FRFSP: Funafuti Reef Fisheries Stewardship Plan to be launched in December

FRFSP Front Cover L 141117The Funafuti Reef Fisheries Stewardship Plan (FRFSP) has been under development most of this year. The plan was formulated through extensive consultations with communities, leaders, the Funafuti Island Council and interest groups and is now ready to be launched on 14th December at Tausoa Lima in Funafuti. The plan is a culmination of several years work: 2015-2016 establishing creel, ciguatera, boat and other surveys to inform the design; 2017 during which the bulk of the consultations occurred and implementation will begin in 2018. It is expected the FRFSP will reverse the current decline in Reef Fisheries, recover stressed stocks and habitats and lead to better prosperity for fishers and the community as a whole.

The FRFSP is not simply a fisheries management plan focused on ensuring sustainable use of fished resources, but embodies a whole-atoll approach which recognises the role of people and healthy ecosystems in fisheries and adaptively responds to change. Focusing on smart use of the already established Funafuti Conservation Area (FCA), avoiding the introduction of too many complex rules and seeking to preserve and enhance livelihoods and food and nutrition security for Tuvaluans living in Funafuti, the FRFSP has been designed to ensure reef fisheries recover to more productive levels. The most difficult aspect of the plan to understand is that a reduction in fishing pressure will within a short time (a few years) lead to greater productivity with less future fishing effort.

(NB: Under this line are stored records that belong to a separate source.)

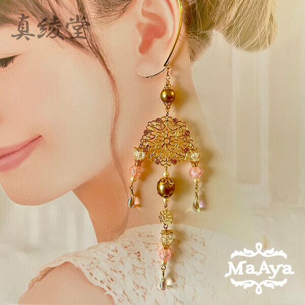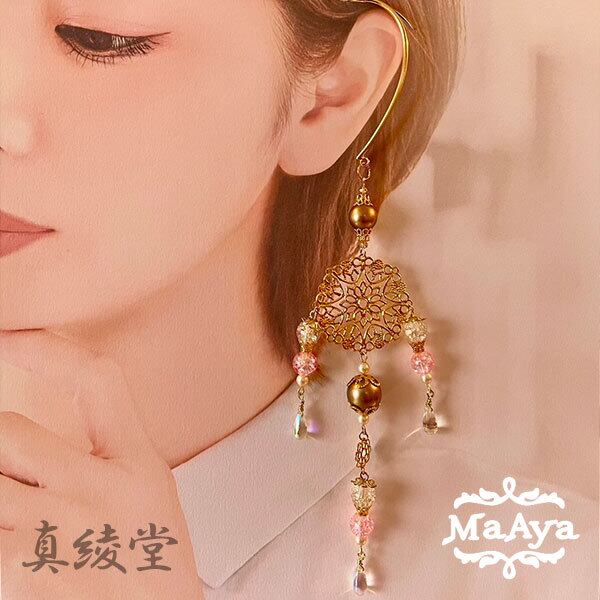 アジアンゴシックロングイヤーフック(白×桃)【MA-331】BASE店
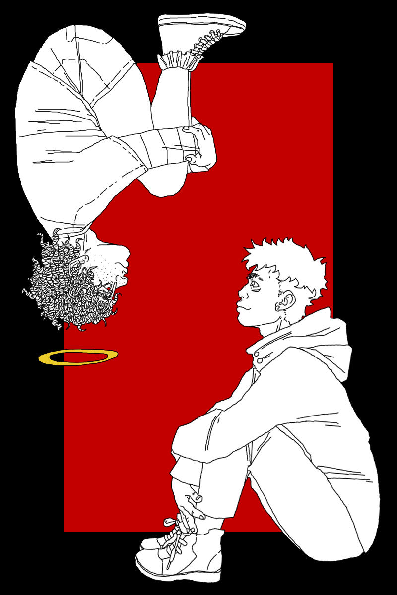 The view from the mountain Yuji stood atop was both familiar and foreign at once, reminiscent of images he had only ever witnessed printed on the pages of manga he scoured during his free time. The ancient pseudo-Japanese village he overlooked was pulled straight out of fantasies he'd had as kid and spanned far into the horizon. He had found himself lost looking out at it, for long enough to realize that it was as empty as those very dreams. For one, everything was in grayscale - like etchings on a page. Even he existed in this penciled manner. The inhabitants, tiny in the distance, did not move, as if captured in a photograph. No chatter, no wind, no birdsong. He could not hear a thing, not until he began to scale down from the rafters set up around the massive carvings of human faces along the side of the mountain. The world around him sprung to life - but for a short-lived moment, as it all came to a stop with him when he froze to look back out towards the commotion."Hello."Engel's sudden appearance at his side made him jump. He turned, alarmed, and took in the other man with some curiousity.He wore what he could call a cosplay, of the mentor of the very series the world was pulled from - a dark vest ladden with many pockets, over a long sleeved shirt, and a headband tilted at an angle that concealed one of his eyes. The emblem on the headband that typically reflected the village of origin of the characters displayed the logo of Jujutsu Tech. He seemed to be in a chipper mood, not at all concerned at this drastic change of scenery."Uh, what's going on?" Yuji asked, scratching at the back of his head. "Where are we?""You know where we are."Yuji gave a slow thoughtful nod. "I do ... sort of but ..." He paused briefly. "Where are the others?""They are where they are. What's important is your purpose here."This did nothing to quell Yuji's confusion but he tried to refocus on his surroundings. "My purpose ..." he echoed. He drew in a deep breath and resumed his climb down the rafters. The world chugged to life, clouds passing overhead. He halted his step and quickly looked back towards the village to find that, as it had before, everything had stopped abruptly when he did. There was again no sound emitting from his surroundings, an emptiness resounding within that silence. He moved again. Stop and go, stop and go. Okay, he was getting it. The world only moved with him, like turning the pages of a book. "Fighting bad guys?" he called up to Engel as the man peeked over the edge at him."Bad guys?" Engel echoed.Yuji dropped down to the platform below with a huff, alarmed by Engel when the man suddenly appeared next to him. He looked from him to the platform above and then back with a blink of confusion."What does it mean to be bad?""I dunno." Yuji said with a shrug, now taking the path along the other side of the railing towards the village. He walked with eagerness in his step, failing to mask his excitement to explore this new world around him. Still, he thought about the question. "Hurting people?""Good people hurt people sometimes, wouldn't you agree?"Yuji nodded slowly before adding, "Yeah but bad guys want to hurt people.""And good guys want to help people?" Engel was walking a couple of steps behind him.Yuji grinned, feeling like he'd solved some decades old riddle. "Yeah! So they're different."The ground tremored beneath him suddenly, making him stop in his tracks. His eyes had grown wide, darting around in their sockets for the source of the quake. Nothing seemed obvious so he took another couple of steps only to be met with a second violent shake of the earth. This time, a crack formed along the ground by his feet. He stared at it."And helping is always a good thing?" Engel continued to walk, now leaving Yuji behind. He didn't look back at him. Unlike when Yuji moved, everything around remained in the safety of the pause.Yuji slowly began to turn in time to see a massive beast peeking its head over the mountain. He rushed back towards the platforms, hoping to meet the beast on its descent down the mountain but it moved far too quickly despite its size. It was a massive foxlike creature, rabid drool hanging from its maw. Nine tails all wisped and curled behind it. Its sight was fixed on the village, Yuji a mere insect to it. The mountain broke apart with every terrifying step it took, sending debris into the air. Yuji only skidded to a halt as the beast reared to leap into the air to scale the tall protective walls of the village. And with that small gesture, the world was suspended in time yet again."Is it important that the world see you as a hero?" Engel was now standing back at his side, hands folded behind him. "Is helping always helpful?"Yuji clenched his fists at his side, the creature moving a mere centimeter at the gesture. He struggled for words, mind racing. He thought of his missions until then, of the day he impulsively swallowed Sukuna's finger and resigned himself to his fate as a vessel, to the day he witnessed Junpei's life extinguished before his eyes, to the day he drove Mr. Weon to snapping at him when confronting the Cursed Spirit in the parking garage. What was the right answer?"Turning the page when you don't know what lies in wait for you or others on the other side, it's always a gamble, isn't it? A gamble you always take.""I just-" he stopped himself when now even just moving his lips caused the beast to budge forward yet again. Frustration welled in his chest. Helping was helping, even if it was also a gamble sometimes. Had everything until then been his fault? Consequences of his own impulsiveness? It felt like that at times. As if it didn't matter what his intentions had been, it was as if though everything he ever did just made things worse.Engel circled around him, facing him. "Life comes with no warnings or disclaimers, no rewind. Any decision could change your own life or the life of another in ways we can't even fathom."Yuji exhaled before he took a s
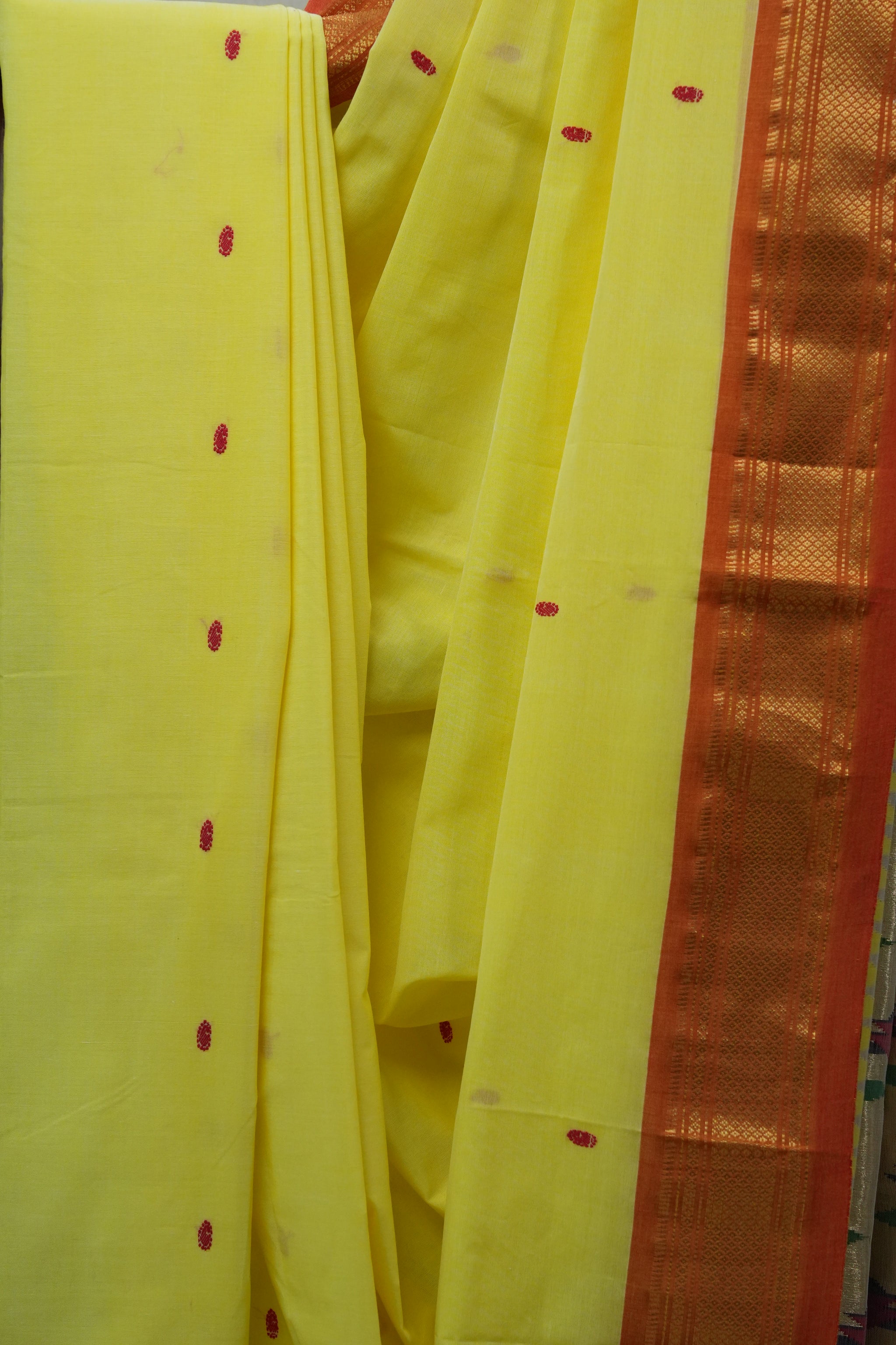 Work - Yellow cotton Paithani saree with golden zari border and traditional colorful pallu.
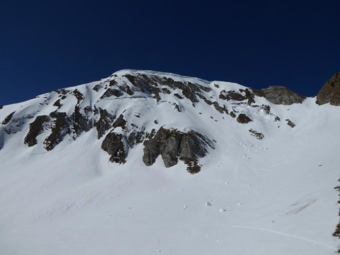 Wir sind vom Stand 1883 m direkt das Couloir nach W hoch richtung Schibe. Das spart etwas Höhenmeter, ist dafür aber anspruchsvoller. Der Grat vom Couloir-Ende zum Schibe-Gipfel hat es noch in sich! Steigeisen und Pickel sind notwendig, ausgesetzt und ca. T4, mixed. Der Rest der Tour "klassisch".
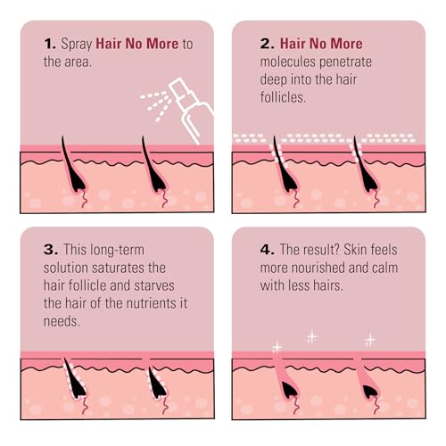 1. Apply a generous amount of Hair No More Inhibitor Spray to areas where hair has been removed. 2. Gently massage the spray into the skin until completely absorbed. 3. Make sure the spray is completely absorbed before applying other products to the same skin area. 4. Use daily for the first week, then twice a week thereafter to maintain the slowing action of hair regrowth. 5. Use more frequently if hair is very thick and dark.
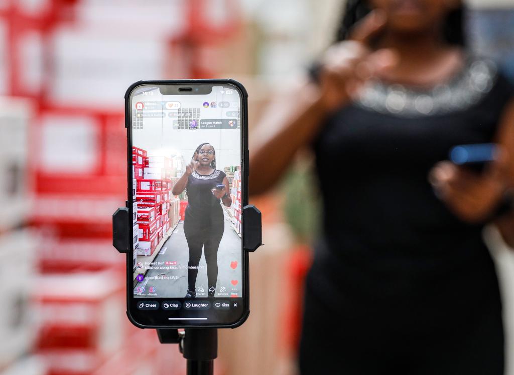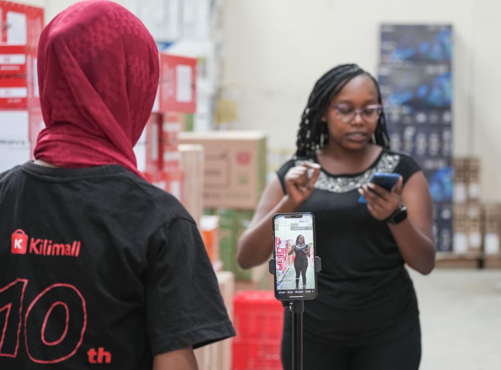 3日、ケニア・マロロンゴで、ライブ配信で商品のプロモーションを行う「キリモール」の従業員。(ナイロビ=新華社記者/李亜輝)
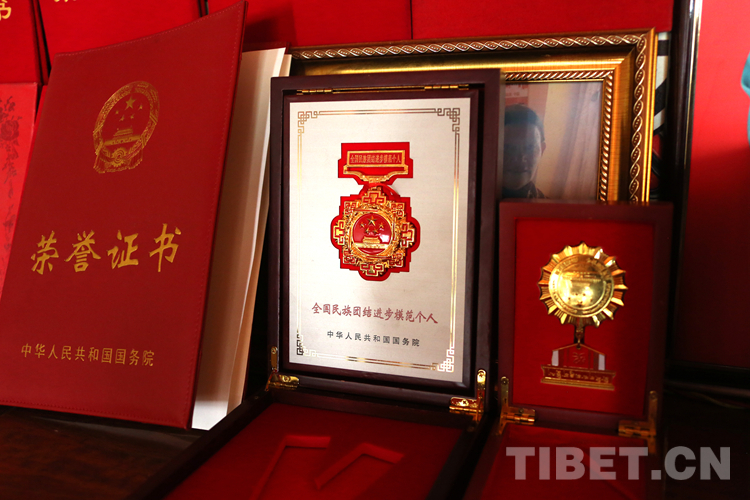 圖為楊桂房家中擺放的全國(guó)民族團(tuán)結(jié)進(jìn)步模范個(gè)人榮譽(yù)證書(shū)和獎(jiǎng)?wù)?攝影:王佳豪
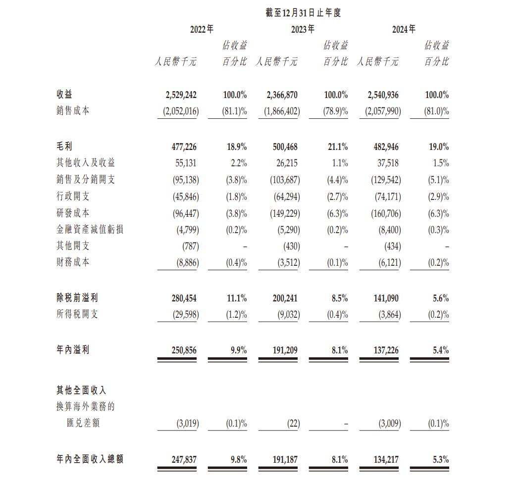 業績方面,招股書顯示,2022年、2023年及2024年,華曦達營收分別為25.29億元、23.67億元及25.41億元;毛利分別為4.77億元、5億元及4.83億元;年內溢利分別為2.51億元、1.91億元及1.37億元。
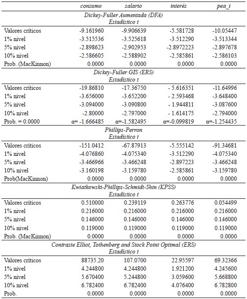Para analizar las relaciones entre dos o más variables es común ver si los procesos estocásticos que generan las series de tiempo son estacionarios. Se requiere que las series carezcan de raíces unitarias. La prueba más común sobre raíces unitarias es la Dickey-Fuller Aumentada (ADF), pero para hacer robusto el estudio se utilizaron otras pruebas disponibles: Dickey-Fuller GIS, Phillips-Perron, Kwiatkowski-Phillips-Schimidt-Shin (KPSS) y Elliot-Rothenberg-Stock, las cuales son mostradas en el Cuadro 1 en el que se observa que los resultados de las pruebas mencionadas anteriormente para las series de consumo, salario, interés y pea_i son estacionarias en primeras diferencias.
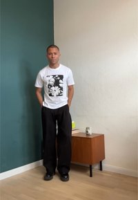 • Άνδρας που φοράει λευκό μπλουζάκι με μεγάλο μαύρο γεωμετρικό κείμενο "KARL LAGERFELD" και σκούρο τζιν, στέκεται μπροστά σε απλό ανοιχτό γκρι φόντο.
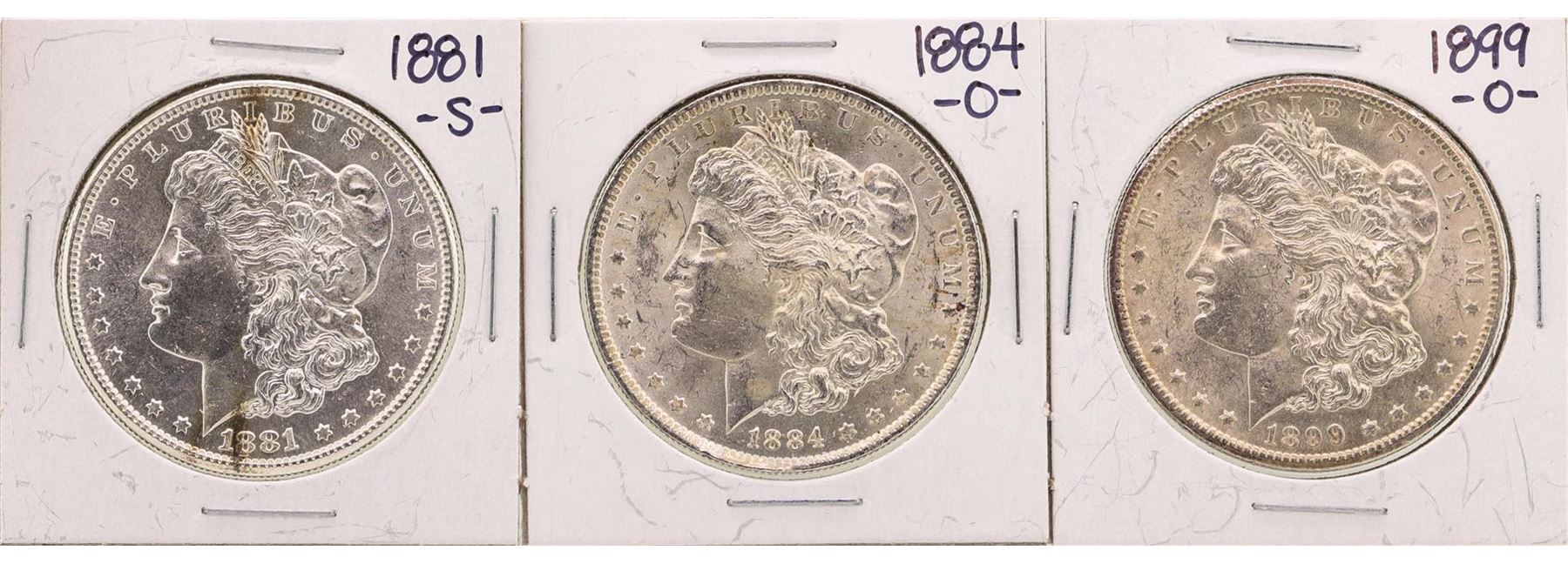 Lot of 1881-S, 1884-O, & 1899-O $1 Morgan Silver Dollar Coins
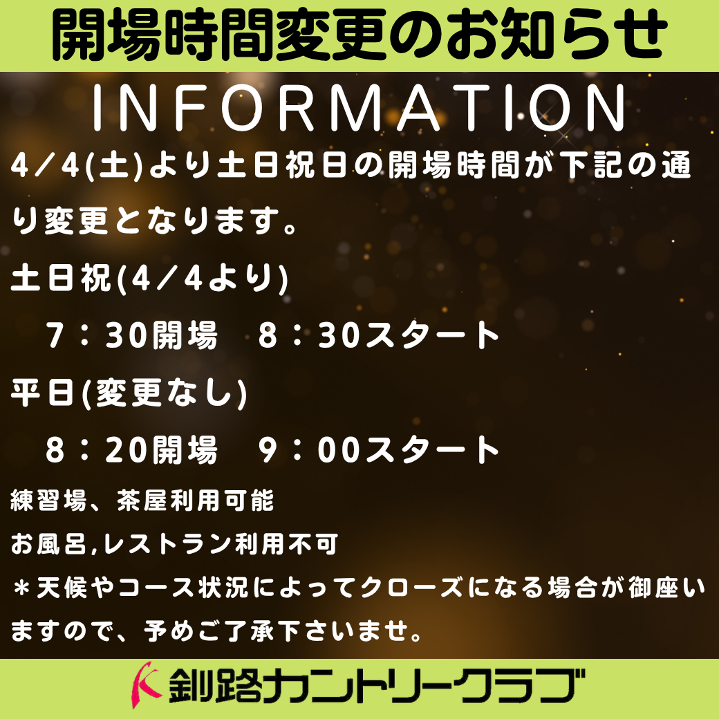 【土日祝日開場時間変更のお知らせ】 掲載日:2026年4月3日 4/4(土)~以下の通り土日祝日の開場時間が変更となります。宜しくお願い申し上げます。 土日祝(4/4~) 7:30開場 8:30スタート 平日(変更なし) 8:20開場 9:00スタート 釧路カントリークラブ
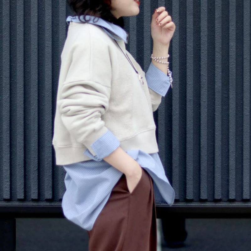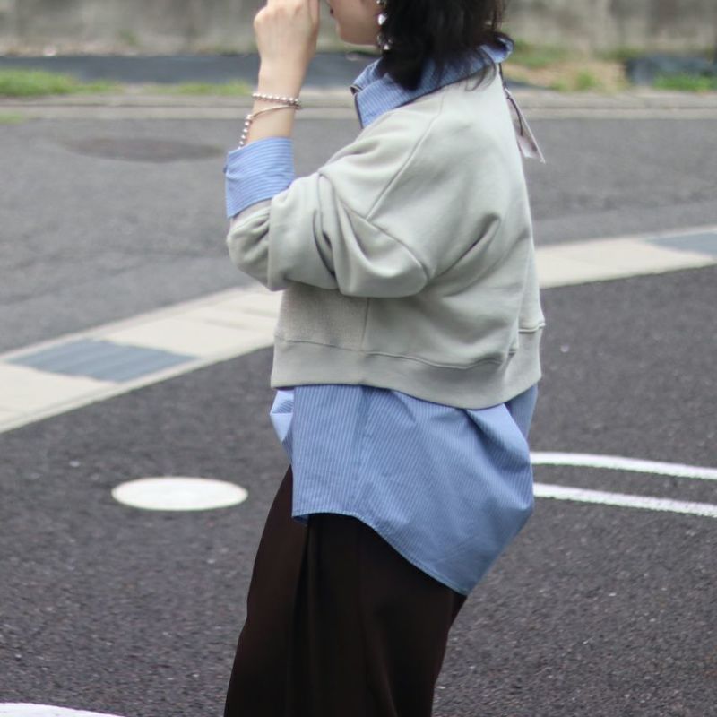 ゆったりとした長めの袖と、コンパクトなクロップド丈の絶妙バランスがコーデに新鮮さをプラスします。
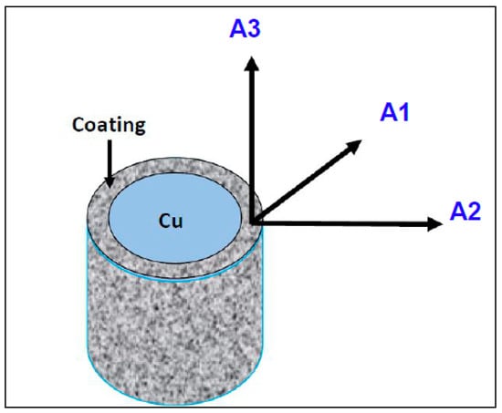 The purpose of the EBSD experiments was to determine whether or not any significant texture is resulted from the coating process. Specimens were prepared for EBSD analysis in a standard manner. A Zeiss Sigma HD FEG-SEM(Carl Zeiss Microscopy GmbH, Jena, Germany) operating at 20 kV coupled with the automatic OIMTM (Orientation Imaging Microscopy) software from TSL-EDAX Company (Mahwah, NJ, USA) was used for the sample cross section EBSD analyses. Figure 2 presents the schematic illustration of the studied area. The pole figures were calculated, using the harmonic series expansion method (series rank L = 22), from the orientations measured by EBSD. Let us remark that it was verified that higher L values do not modify significantly the texture intensity. Each orientation was modeled by a Gaussian function with a 5° half width. The EBSD maps are measured in the (A1, A2) plane, at the interface between the Cu substrate and the coating (Figure 2).
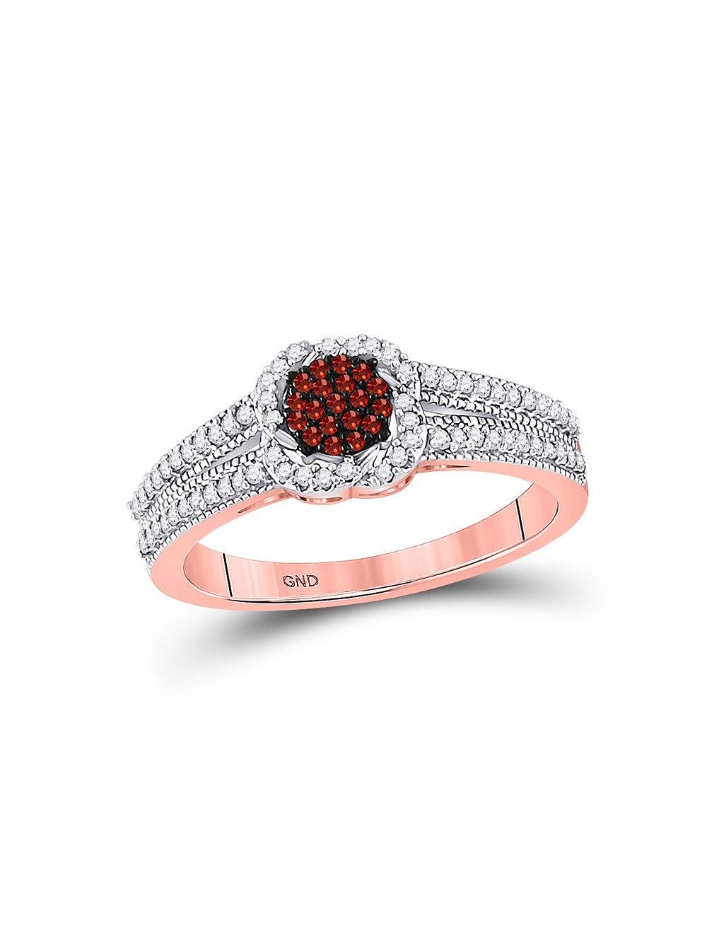 10kt Rose Gold Womens Round Red Color Enhanced Diamond Heart Ring 1/3 Cttw
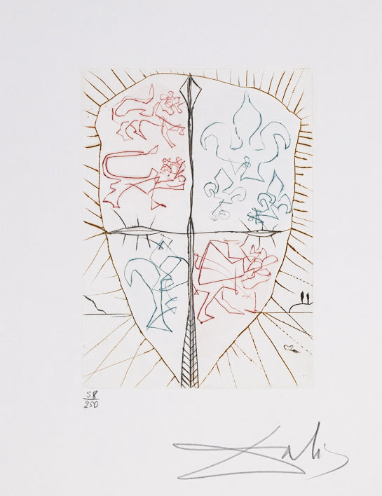 "Henry V (b) (Plate 404)" is an etching with drypoint created by Salvador Dalí in 1971 for his 'Shakespeare II' series. From the edition of 450, the artwork is signed 'Dalí' lower right and annotated lower left. The image size is 6.75 x 5". The artwork ships framed and accompanied by a certificate of authenticity.

As part of its work, the Coastal Fisheries Section of the Tuvalu Fisheries Department has been carrying out resource assessments and monitoring to provide the information needed for management. Creel surveys (of fisher’s landed catches) provide information on the fishers, the resources being caught and the effort required in a way that can be used to assess the health of the fishery. As part of the creel survey, data on fish lengths were compared with known values of size at maturity for 22 species to provide an indicator to assess whether the resources were overfished. Fishes were considered overfished if 50% or more of the animals landed were smaller than the size at maturity. The results of the first Creel Report in September 2016 showed that coastal fisheries in Funafuti are overfished. Of the species that were assessed 60% of species had 50% or more of the catch below the size at maturity. This means that the fishes are being caught and removed from the population before they could reproduce. The main fishes showing strong signs of overfishing in Funafuti included acanthurids (pone), carangids (ulua, kamai), serranids (gatala), lethrinids (noto) and lutjanids (taea).

Without management of the fisheries and the ecosystems that support them, Funafuti will become increasingly barren and fish stocks will decline further, driving people to more imported foods, loss of food sovereignty (control of the food supply) and greater problems with non-communicable diseases. A plan for better stewardship could put a stop to this decline and set a path to healthier and more productive fisheries. In response to this clear need to address overfishing in Funafuti’s reef fisheries, the Fisheries Department began consulting with fishers, leaders and the community to develop a management plan capable of reversing the declines and restoring the fisheries to a more productive state.

lutjanus-gibbus-1This stewardship plan arose out of those consultations and provides the structure to enable people to understand and monitor threats to the resources and identify solutions. This sets up a framework to enable all groups to work together to ensure that Funafuti’s reef fisheries become healthy and productive, that the human population can thrive, and the atoll is a beautiful and safe place to live.

The Funafuti Reef Fisheries Stewardship Plan (FRFSP) aims to reverse these problems and increase the supply of fished resources through protecting breeding populations of fishes and reversing at least some of the ecosystem damage. It also seeks to involve all stakeholders in a meaningful way and will work on adaptive management principles allowing for adjustments to the plan based on evidence from careful monitoring of the state of the resources as actions are put in place. The main strategies are:

  1. Strengthening the Funafuti Conservations Area so that its potential benefits become a reality protecting spawning adults, allowing juveniles to grow and promoting spill over of fishes into other parts of the lagoon, increasing resilience of the fisheries;
  2. Limiting the size of fishes that can be taken by fishing to ensure that every fish can breed at least once in all other parts of the atoll;
  3. Targeting pelagic and offshore fisheries more to reduce some of the pressure on reef fishes; and
  4. Improving information, involvement by the community and state of the ecosystems on which the fisheries depend.

The FRFSP will primarily involve the Tuvalu Fisheries Department, the Funafuti Kaupule and the Fishermen of Funafuti (including those from outer islands living here). Implementation of the plan will use funds from government and a range of other source. It is envisaged that similar though more simplified plans will be developed for the outer islands in the future.